EXERCISE: In the entries below, begin at the line that has "- The photos" and stop after the line that has "72891803 alte Postkarte"; output those lines exactly, leaving out pictures.

Collection entries
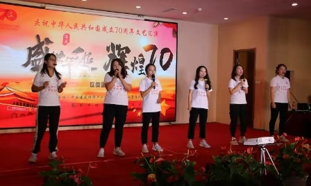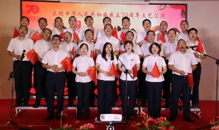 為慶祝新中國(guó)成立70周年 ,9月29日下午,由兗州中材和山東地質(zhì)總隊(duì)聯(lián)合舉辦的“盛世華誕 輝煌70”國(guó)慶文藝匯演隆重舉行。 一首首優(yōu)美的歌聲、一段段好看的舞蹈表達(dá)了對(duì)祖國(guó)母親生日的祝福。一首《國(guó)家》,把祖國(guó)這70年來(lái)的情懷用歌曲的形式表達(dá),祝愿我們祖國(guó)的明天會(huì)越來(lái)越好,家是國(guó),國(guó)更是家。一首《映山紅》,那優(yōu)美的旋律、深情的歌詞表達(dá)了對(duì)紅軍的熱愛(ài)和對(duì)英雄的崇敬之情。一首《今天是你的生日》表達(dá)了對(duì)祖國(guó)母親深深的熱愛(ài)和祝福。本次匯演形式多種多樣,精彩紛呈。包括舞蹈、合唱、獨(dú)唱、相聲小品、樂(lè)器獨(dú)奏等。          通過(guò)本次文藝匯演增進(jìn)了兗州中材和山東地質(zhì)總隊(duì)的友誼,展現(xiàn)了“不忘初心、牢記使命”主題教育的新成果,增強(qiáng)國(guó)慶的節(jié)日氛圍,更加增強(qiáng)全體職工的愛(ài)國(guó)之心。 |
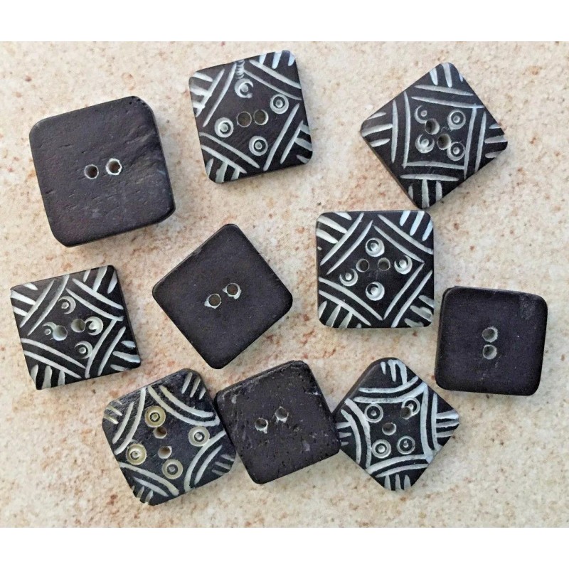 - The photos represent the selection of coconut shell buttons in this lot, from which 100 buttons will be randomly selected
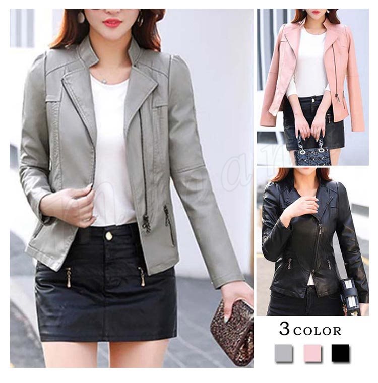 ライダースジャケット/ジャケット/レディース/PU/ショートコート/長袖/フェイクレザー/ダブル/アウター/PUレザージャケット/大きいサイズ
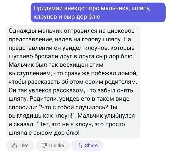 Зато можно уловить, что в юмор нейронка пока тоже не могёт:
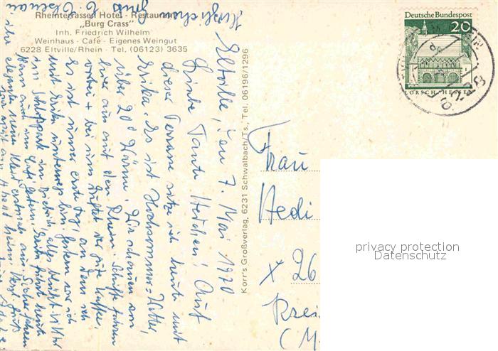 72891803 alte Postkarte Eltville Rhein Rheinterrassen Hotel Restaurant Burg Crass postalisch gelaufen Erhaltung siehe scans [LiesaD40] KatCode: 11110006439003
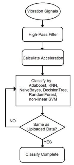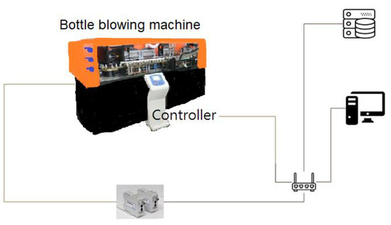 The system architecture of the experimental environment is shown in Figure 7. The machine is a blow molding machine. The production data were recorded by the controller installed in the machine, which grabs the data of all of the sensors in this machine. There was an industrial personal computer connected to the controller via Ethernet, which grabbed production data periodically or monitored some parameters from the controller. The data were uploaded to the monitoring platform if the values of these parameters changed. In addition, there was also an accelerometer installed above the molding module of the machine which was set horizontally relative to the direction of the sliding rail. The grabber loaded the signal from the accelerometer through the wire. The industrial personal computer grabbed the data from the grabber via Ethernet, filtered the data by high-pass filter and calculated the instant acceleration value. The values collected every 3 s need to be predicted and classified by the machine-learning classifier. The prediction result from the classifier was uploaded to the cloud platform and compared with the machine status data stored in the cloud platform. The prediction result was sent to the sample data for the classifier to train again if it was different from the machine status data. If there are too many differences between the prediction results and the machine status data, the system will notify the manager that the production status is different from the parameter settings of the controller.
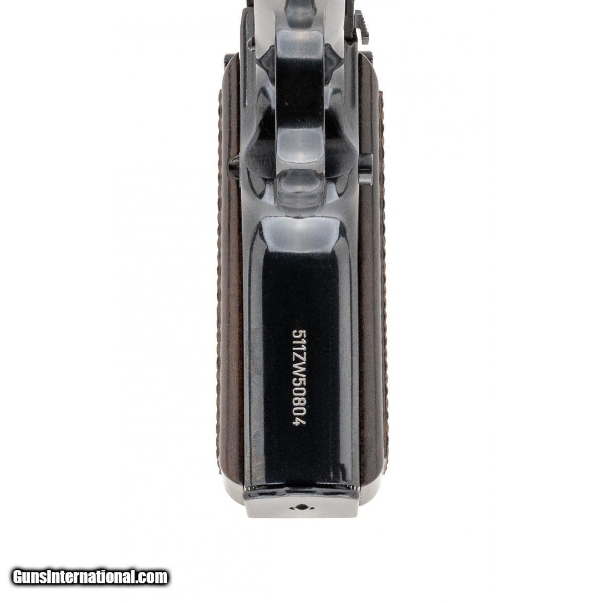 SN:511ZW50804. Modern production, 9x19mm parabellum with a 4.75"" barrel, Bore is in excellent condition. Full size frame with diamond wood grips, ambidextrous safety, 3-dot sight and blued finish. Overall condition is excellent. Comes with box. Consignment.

REPLY TO THE TASK:
 - The photos represent the selection of coconut shell buttons in this lot, from which 100 buttons will be randomly selected
 ライダースジャケット/ジャケット/レディース/PU/ショートコート/長袖/フェイクレザー/ダブル/アウター/PUレザージャケット/大きいサイズ
 Зато можно уловить, что в юмор нейронка пока тоже не могёт:
 72891803 alte Postkarte Eltville Rhein Rheinterrassen Hotel Restaurant Burg Crass postalisch gelaufen Erhaltung siehe scans [LiesaD40] KatCode: 11110006439003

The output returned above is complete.